Once TransCanada submits its paperwork, the PUC will accept comments from “all parties regarding the merits of the filing,” said commission chairman Gary Hanson.

“I certainly believe if there’s any kind of contention regarding the pipeline, then a docket would be opened up,” he said.

Opponents plan to challenge the project on at least three grounds.

First, the original PUC permit was granted in part because TransCanada argued the U.S. needed Canadian oil. Today, however, American production of light oil has skyrocketed thanks to an extraction technique known as hydraulic fracturing, or fracking, and refineries already have access to Canadian crude through rail, barge and other pipelines.

With refineries flush with U.S. light oil, some Obama administration officials and members of Congress are even discussing whether to lift the ban on exporting domestic crude.

“If we’re talking about exporting oil, then why do we need the Keystone XL?” said Paul Seamans, a South Dakota landowner who lives along the pipeline’s route.

Howard, the TransCanada spokesman, said the U.S. continues to rely heavily on imported oil, and “that’s not expected to change for decades.”

Bold Nebraska’s Kleeb said she’ll also argue for a reroute in South Dakota. The pipeline’s path through Nebraska was altered to protect an ecologically fragile region called the Sandhills. But the Sandhills extend into South Dakota, and a recent TransCanada document confirms the pipeline would pass through that part of the state.

Another point of contention is tribal rights. Although the Keystone XL route doesn’t cross any reservation title lands, it does pass through burial sites, ceremonial sites and other areas of cultural significance, said Faith Spotted Eagle, a tribal leader of the Yankton Sioux in South Dakota.

Spotted Eagle said TransCanada has infringed on their tribal land and water rights. One of the PUC permit conditions, for example, requires TransCanada to consult with tribes along the route. But Spotted Eagle said the company hasn’t treated the tribes with respect, and didn’t properly survey the route to protect cultural resources. 

“We can’t just arbitrarily say this area is a sacrificial area,” she said. “It’s no different [from] the 1800s, when it was [a] land grab.”

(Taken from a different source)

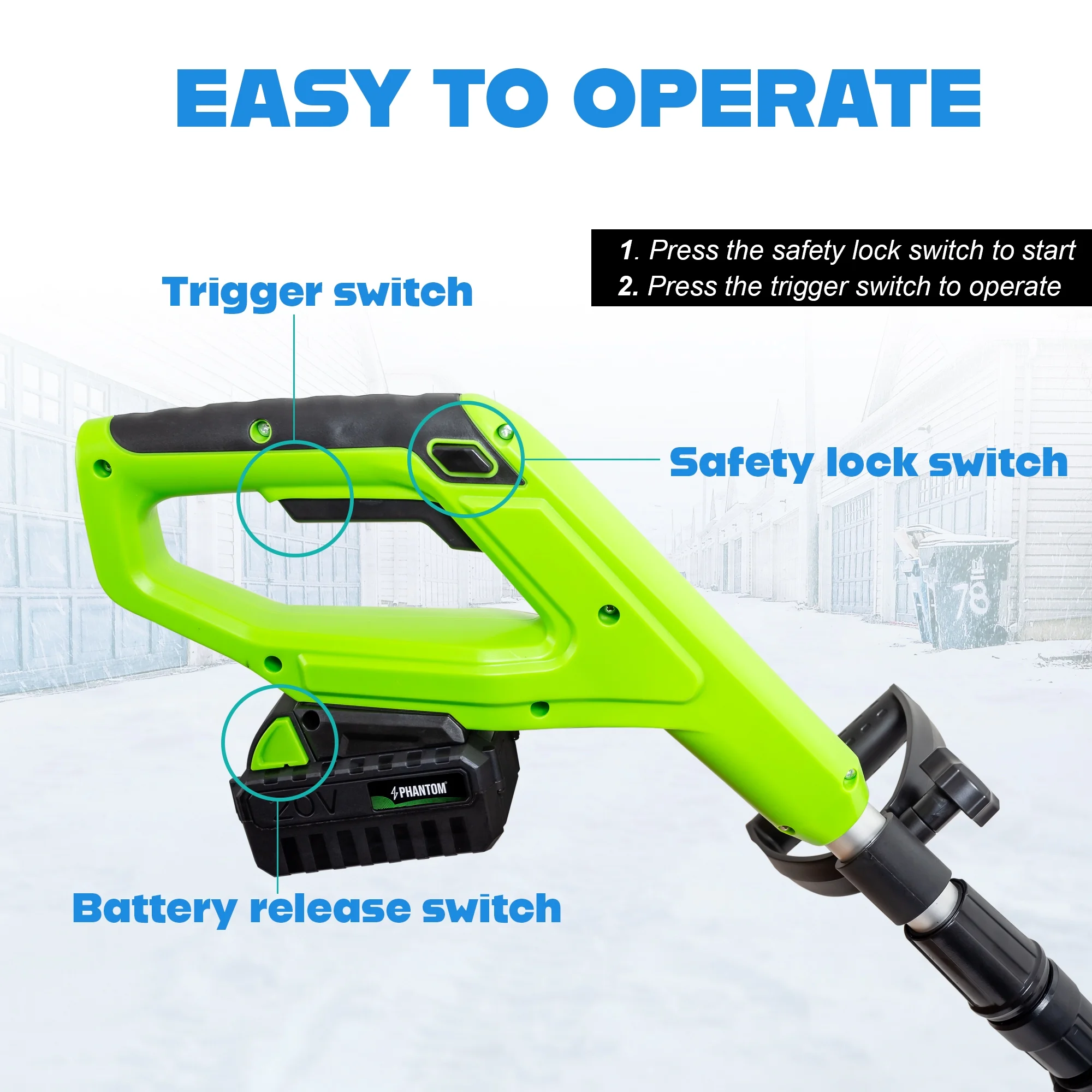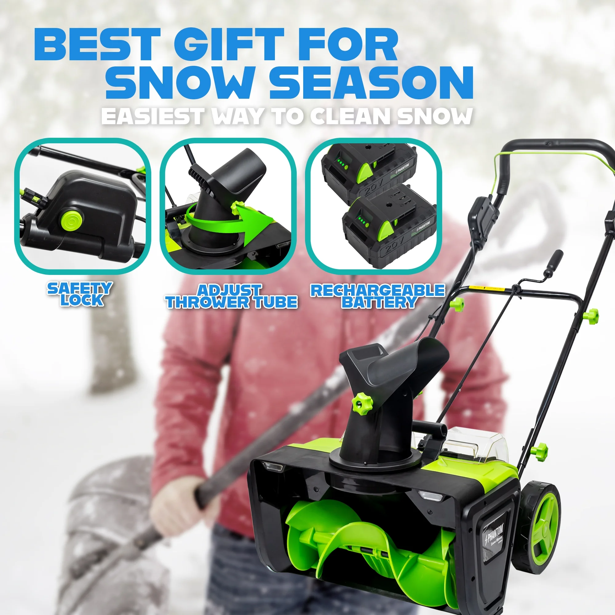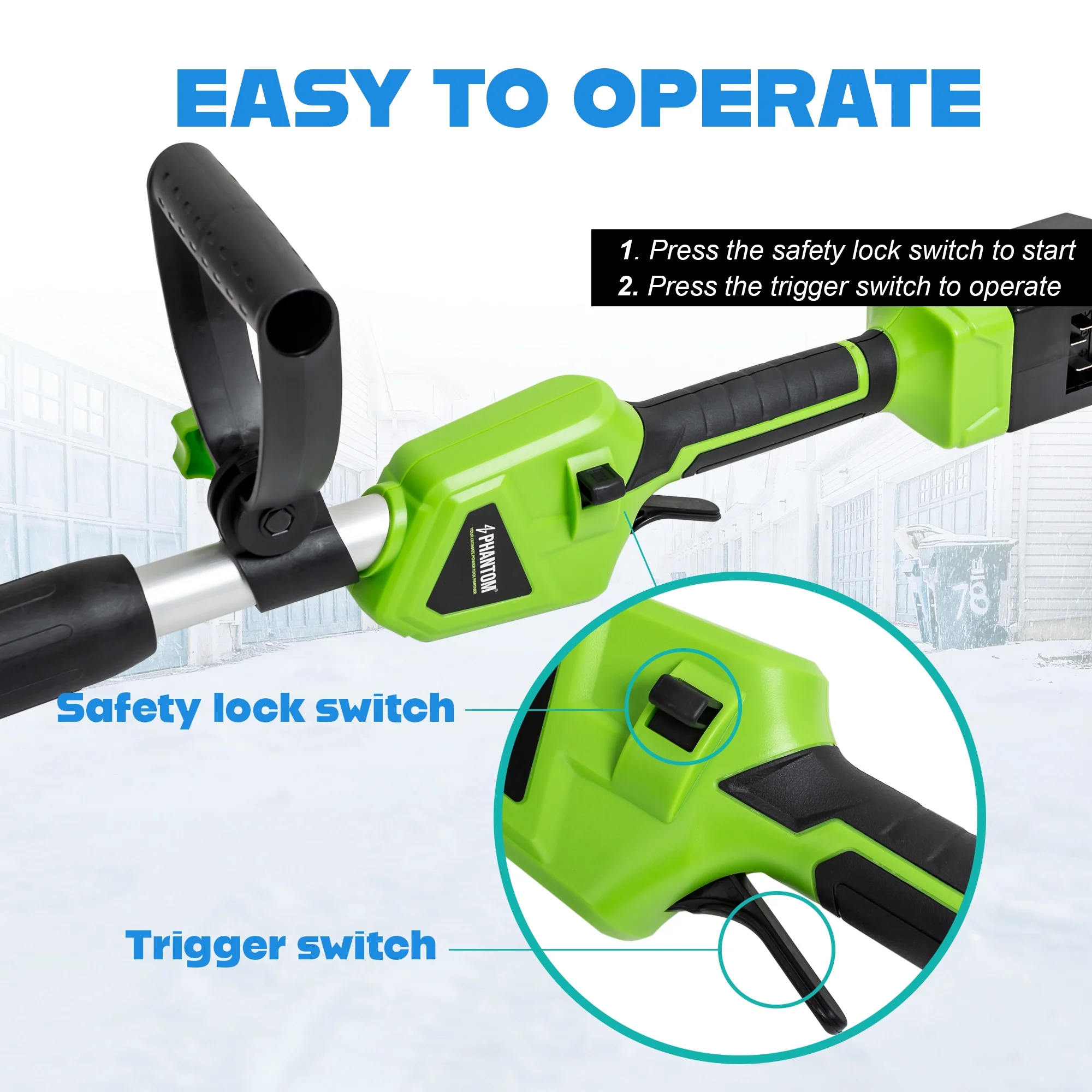 - Ergonomic Adjustable Handle: Designed with user comfort in mind, the ergonomic handle adjusts to suit your usage habits. Paired with dual safety switches and anti-slip grips, this cordless snow thrower ensures safe, comfortable, and efficient snow removal.

Howard said his company has been working with various tribes since 2008. “We have kept tribes constantly informed about the project, even though it doesn’t go through their lands. Our tribal relations group has been extremely engaged.”

Spotted Eagle said she sees the upcoming expiration of the PUC certificate as a result of the hard work of pipeline opponents. “We’re doing it for the generations to come,” she said.